OCD and Telling Others

“It’s okay, what you are feeling is normal”, “We all feel like this”, “Give it time it’ll go away”, “Stop being such a pussy” or “Man up”. If I had a single facial hair for every time I heard one of these sentences, I’d have a fully grown manly beard by now. These are probably the worst support or advisory remarks a person dealing with OCD and depression, or mental illness in general, could be told. No it’s not okay, it’s not normal, not everyone feels like this, time will only make it worse, and no it doesn’t mean I’m weak if I feel this way. And finally I am not a pussy, I have never felt like a cat my whole life.

I am not blaming anyone. I’m not even blaming myself. It’s just how things were. Trying to open up to others was such a hard feat that I thought so much before doing. I tried telling a lot of my close friends but not once, not a single time, was I met with support or understanding. Again I am not blaming anyone. If I didn’t have what I have, I might have had the same approach. It’s just the lack of understanding and awareness that is very difficult to deal with. Having understanding and support (as well as a support group or system) would make life so much easier for people with mental illness.

It is very difficult for a person with a mental illness to come out and say it publicly and let it be known to people close to them. It’s very difficult without taking the prevalent stigma associated with mental illness. It’s very difficult without some people’s view that the mentally ill are crazy or attention seekers or even wimps.

I was always the smiling guy. The happy-go-lucky guy, who seemed liked he had no care in the world. I would always be met with “You? No way!! You are always laughing and being silly and happy”. There’s a book by Ross Szabo and Melanie Hall whose title captures this perfectly. It’s called “Beyond Happy Faces”. Three simple words that capture the hell out of most people’s experience with mental illness. Not every “happy face” is a happy face and a happy life. I wasn’t even happy if I ordered a Happy Meal (Dear McDonalds, who can I talk to in order to get my lifetime supply of happy meals after this free plug for your delicious healthy burgers. Even our health minister would eat there; provided he brings his own food).

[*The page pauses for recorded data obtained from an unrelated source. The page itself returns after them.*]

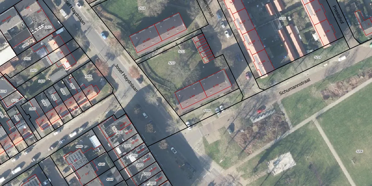 Het perceel waarop Schumannstraat 1-II staat heeft een oppervlakte van 1336 m². Dit is een zeer groot perceel. De perceeloppervlakte wordt geregistreerd door het Kadaster. Gedetailleerde informatie over de maten van dit perceel kunt u vinden in het rapport Kadastrale kaart met maatvoering van Schumannstraat 1-II.
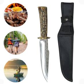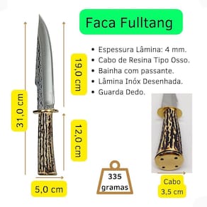 Peso da faca: 335 gramas; Comprimento total da faca: 31,0 cm; Comprimento da lâmina: 19,0 cm - 7,5 polegadas; Largura da lâmina: 3,5 cm; Espessura da lâmina: 4,0 mm; Comprimento do cabo: 12,0 cm; Material da lâmina: aço inox; Material do cabo: resina imitando osso; Cor da lâmina: prata; Formato da lâmina: clip point;
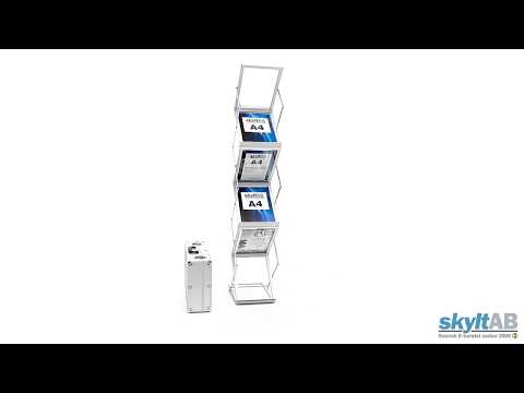 Det här broschyrstället är hopfällbart och tillverkat av aluminium och akrylskivor, vilket gör det både robust och enkelt att fälla ihop när det behövs. Dess dubbelsidiga design gör det möjligt att exponera dina trycksaker på bägge sidor och varje hyllplan rymmer upp till ca 20 mm material.

Even after I started treatment I kept my case on the down-low. I never felt comfortable sharing except with a select few. Even with them it was never easy. Then something happened that would change this for me. A very beautiful childhood friend of mine, whom I had known since we were very young, mentioned an organization whose main goal was to break the stigma. That organization is called Embrace (it’s a fund at AUBMC). You know the cliche saying that says “the day that changed my life” well that was it. It was a process that helped me day by day get to the openness I am having today. Some might say it is too much, and I should keep things to myself due to the aforementioned prevalent stigma and stereotyping which may lead to less job opportunities for me. I really, seriously, honestly don’t care about that. I don’t care if I never get a job opportunity in my life, I know I can do many things to make ends meet even if barely, because for once in my life, I am happy. I feel like due to all this I am sleeping better at night. I am content. I am grateful. I am enjoying the small things in life. I can read a book, go out, meet people, do so many things while being happy on the inside, not just putting on a happy facade.

My goal in life is for people who are still suffering alone to be able to come out and talk more freely, and know that they are not alone, there are others. Believe me it’s gets better when one becomes part of a whole.

That was a piece of my mind, wishing a peace of mind to you all.